WHAT IS REQUIRED: In the entries below, which lines run from the one with "Nach der guten" through the one with "Medical Titanium Steel"? Repeat exactly those, both included, and no pictures.

START DATA TO PROCESS

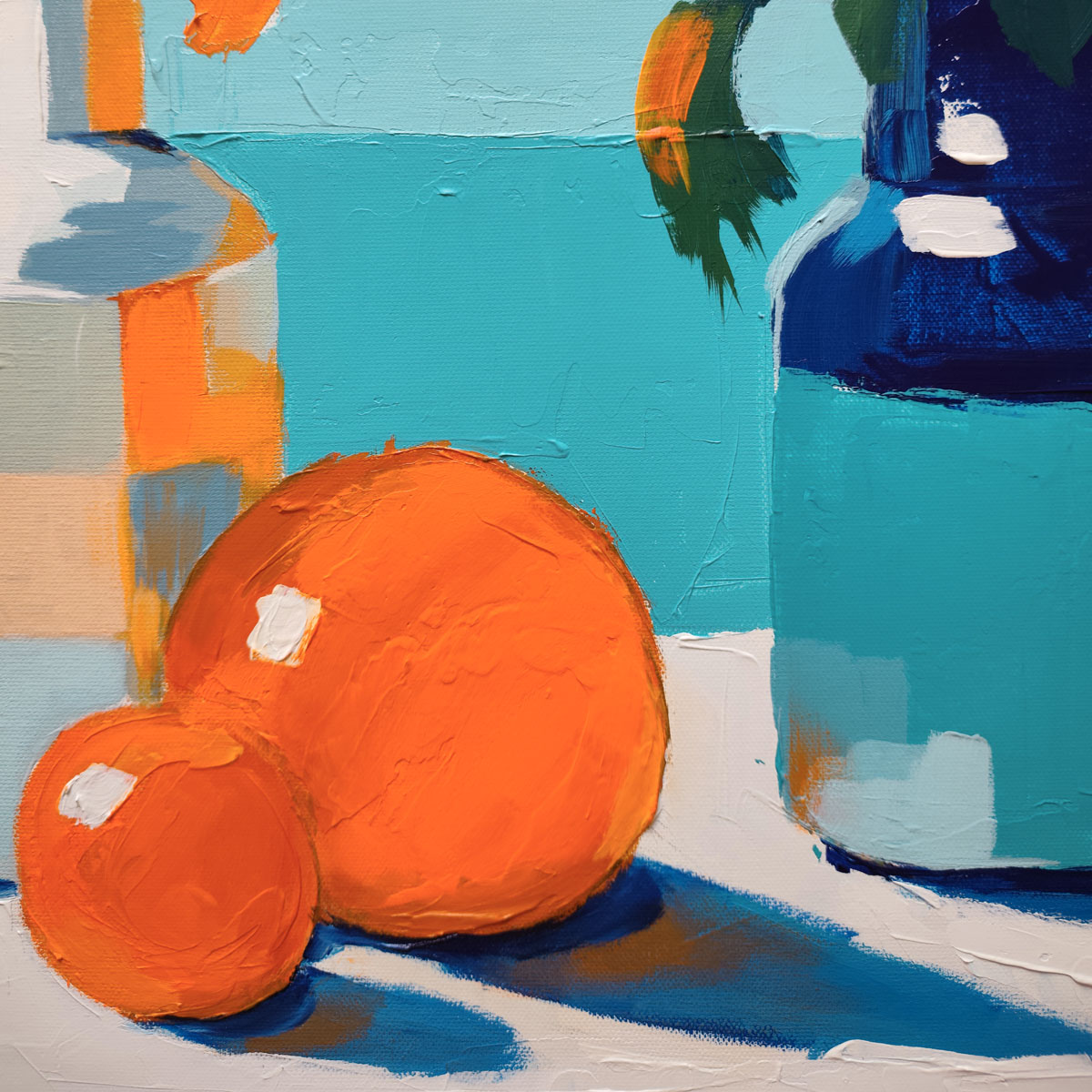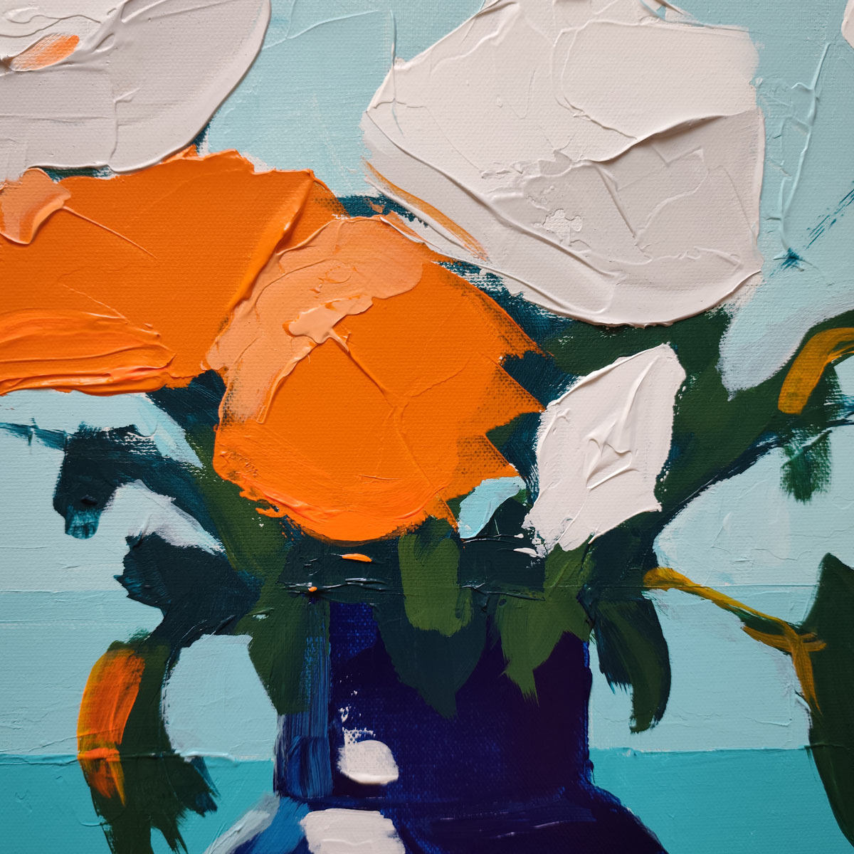« Fleurs d’été » : explosion joyeuse de fleurs orange vif et de roses blanches dans un vase bleu, posée sur un rebord lumineux face à l’horizon turquoise infini de la mer. Une orange et une mandarine ajoutent leur éclat solaire à cette nature morte estivale. Le contraste danse avec une texture vibrante de peinture appliquée au couteau et une lumière vive qui invite au bonheur des jours ensoleillés.
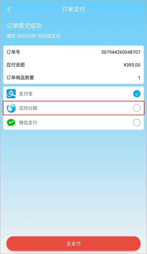 2、接着在付款界面选择“花呗分期”即可分期付款了。
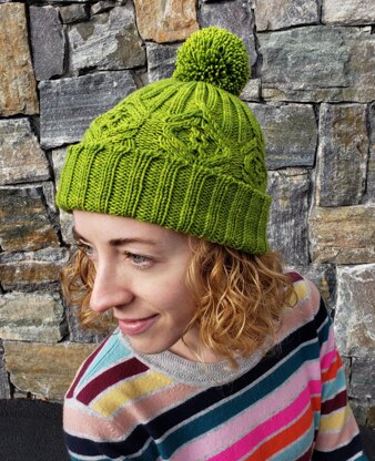 Cupola, combining plush ribbing and an intricate diamond cable, is the perfect gift for men and women alike! Just choose a single brim or a double brim. Knit Cupola in the round from the bottom up. The cable pattern is charted and written out.
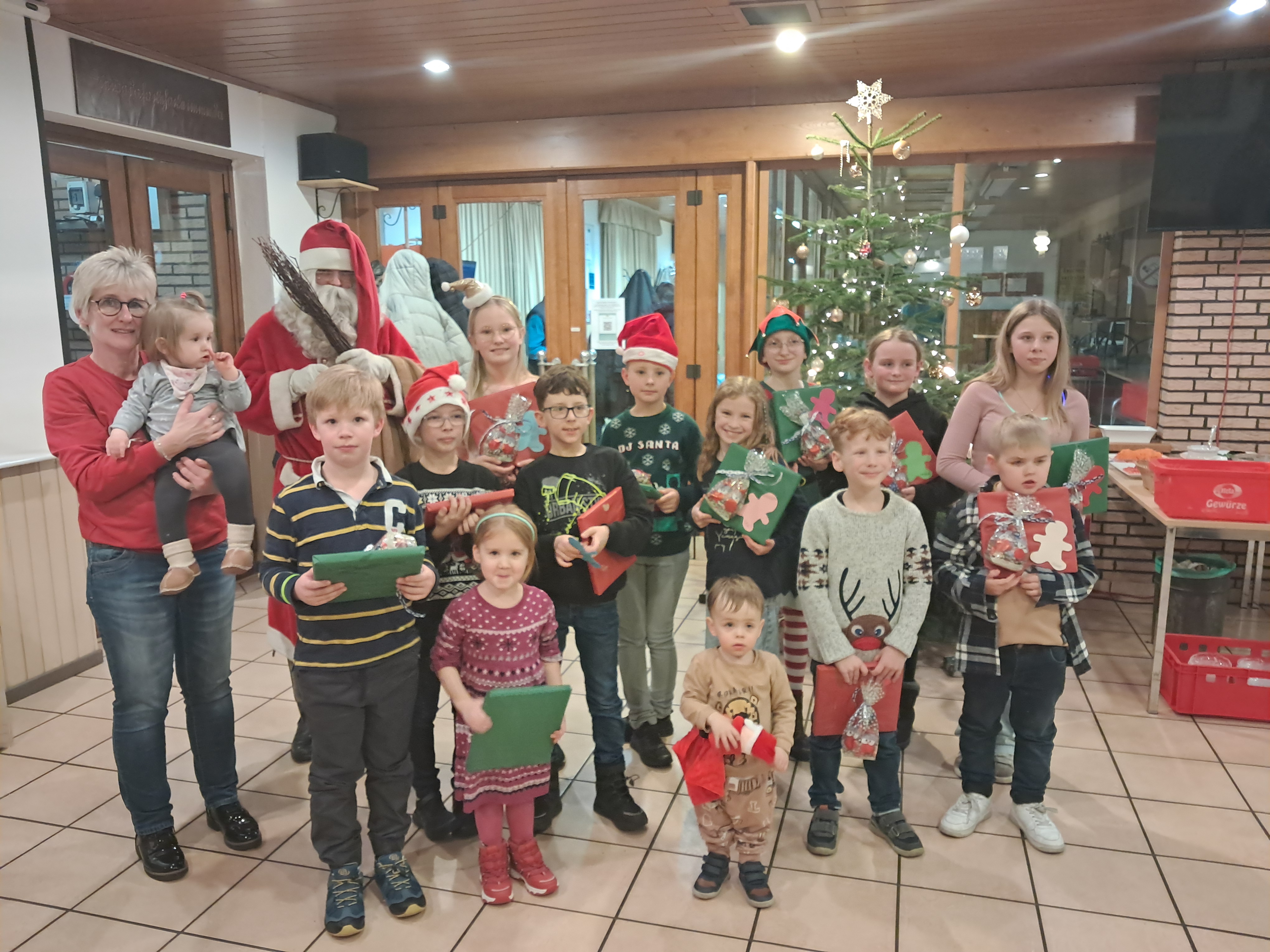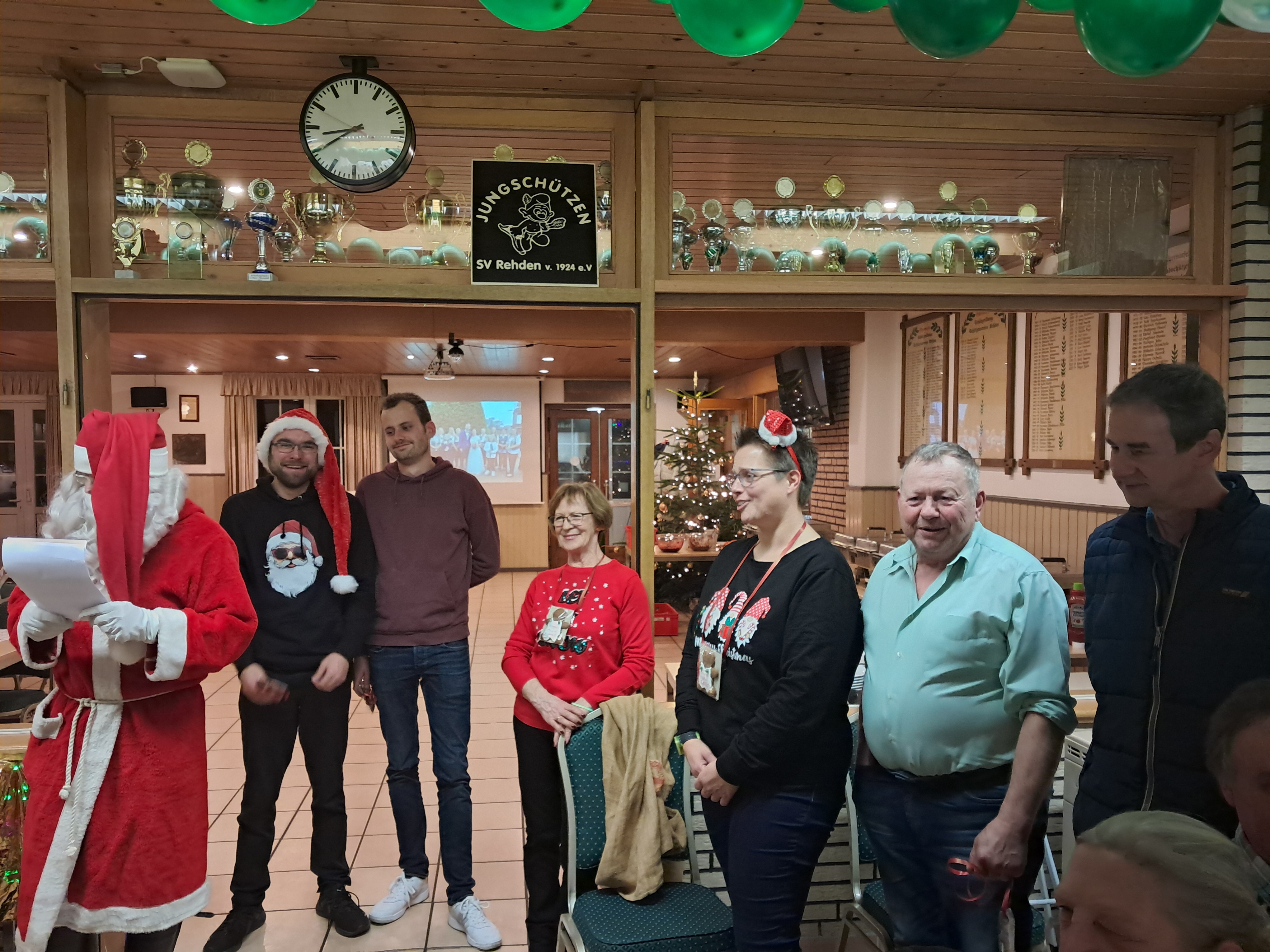 Nach der guten Stärkung folgte der nächste Höhepunkt des Abends, bei dem es vor allem für die Kleinsten noch einmal aufregend wurde, denn der Weihnachtsmann besuchte das Rehdener Schützenhaus. Doch so ohne weiteres wollte er die Geschenke nicht herausrücken. Nach einigen Liedern und passenden Worten für jedes einzelne Kind konnten aber dann doch die Geschenke übergeben werden.
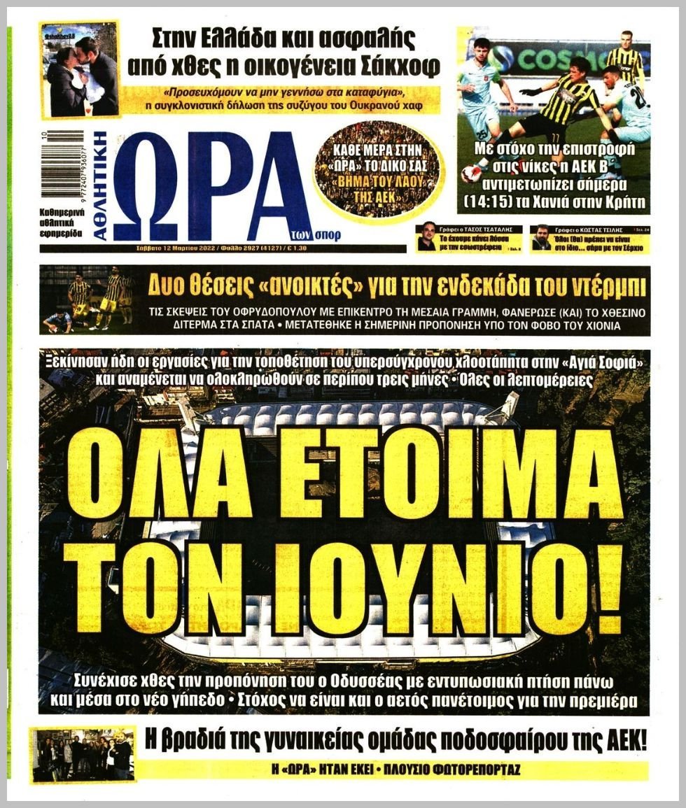 Saturday 12 ΜΑΡΤΙΟΥ 2022
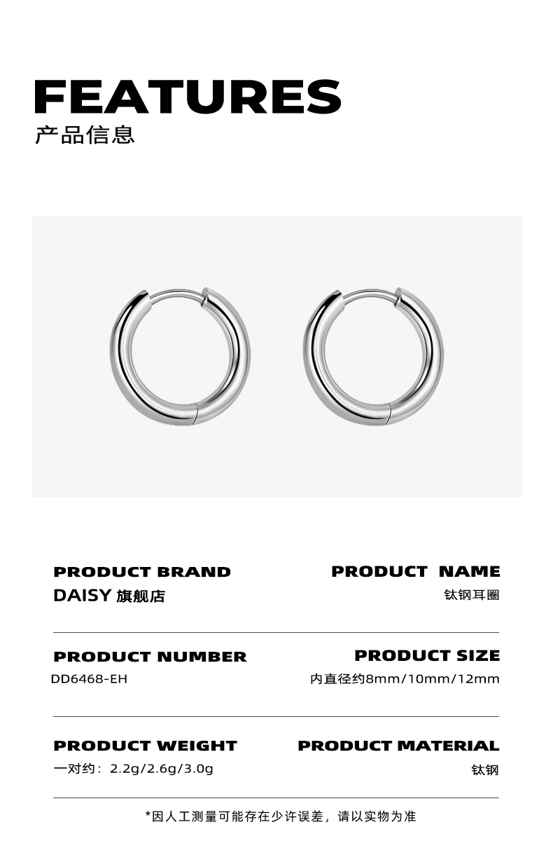 Medical Titanium Steel Plain Hoop Earrings for Women, Titanium Alloy Ear Cuffs for Ear Piercing Care, Men's Sleep-Friendly Ear Studs, Ear Jewelry
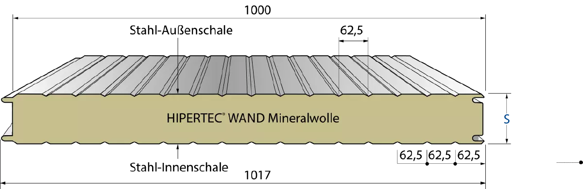 Das Sandwichelement mit einem nichtbrennbaren Dämmkern aus Mineralwolle ist besonders bei hohen Anforderungen an den Brand- und Schallschutz für den Einsatz als Außen- und Innenwand gleichermaßen geeignet. In spezieller Ausführung mit ergänzenden Details erreicht das Element einen Feuerwiderstand von bis zu 120 Minuten. Die Überbrückung großer Stützweiten und die leicht montierbare Längsfuge in Nut- und Federausführung ermöglicht eine besonders wirtschaftliche Montage in vertikaler oder horizontaler Richtung. Die Fasern der Mineralwolle sind senkrecht zur Verkleidungsebene angeordnet. Durch ein besonderes Herstellungsverfahren werden die in Längsrichtung eingelegten Mineralwollstreifen im Verbund ausgerichtet. Die bauphysikalischen Vorzüge durch die hohlraum- und wärmebrückenfreie Verbindung der korrosionsgeschützten Deckschichten mit dem Dämmkern machen das Hipertec Wandelement zu einer zukunftsweisenden Alternative gegenüber mehrschichtigen Systemen. Eine werkseitig aufgebrachte Schutzfolie vermeidet Verschmutzungen und Beschädigungen während Transport, Lagerung und Montage. Große Lieferlängen werden durch den kontinuierlichen Herstellungsprozess ermöglicht. Für zusätzliche Informationen steht Ihnen ein technisches Handbuch zur Verfügung.

END DATA TO PROCESS

RESULT:
 Nach der guten Stärkung folgte der nächste Höhepunkt des Abends, bei dem es vor allem für die Kleinsten noch einmal aufregend wurde, denn der Weihnachtsmann besuchte das Rehdener Schützenhaus. Doch so ohne weiteres wollte er die Geschenke nicht herausrücken. Nach einigen Liedern und passenden Worten für jedes einzelne Kind konnten aber dann doch die Geschenke übergeben werden.
 Saturday 12 ΜΑΡΤΙΟΥ 2022
 Medical Titanium Steel Plain Hoop Earrings for Women, Titanium Alloy Ear Cuffs for Ear Piercing Care, Men's Sleep-Friendly Ear Studs, Ear Jewelry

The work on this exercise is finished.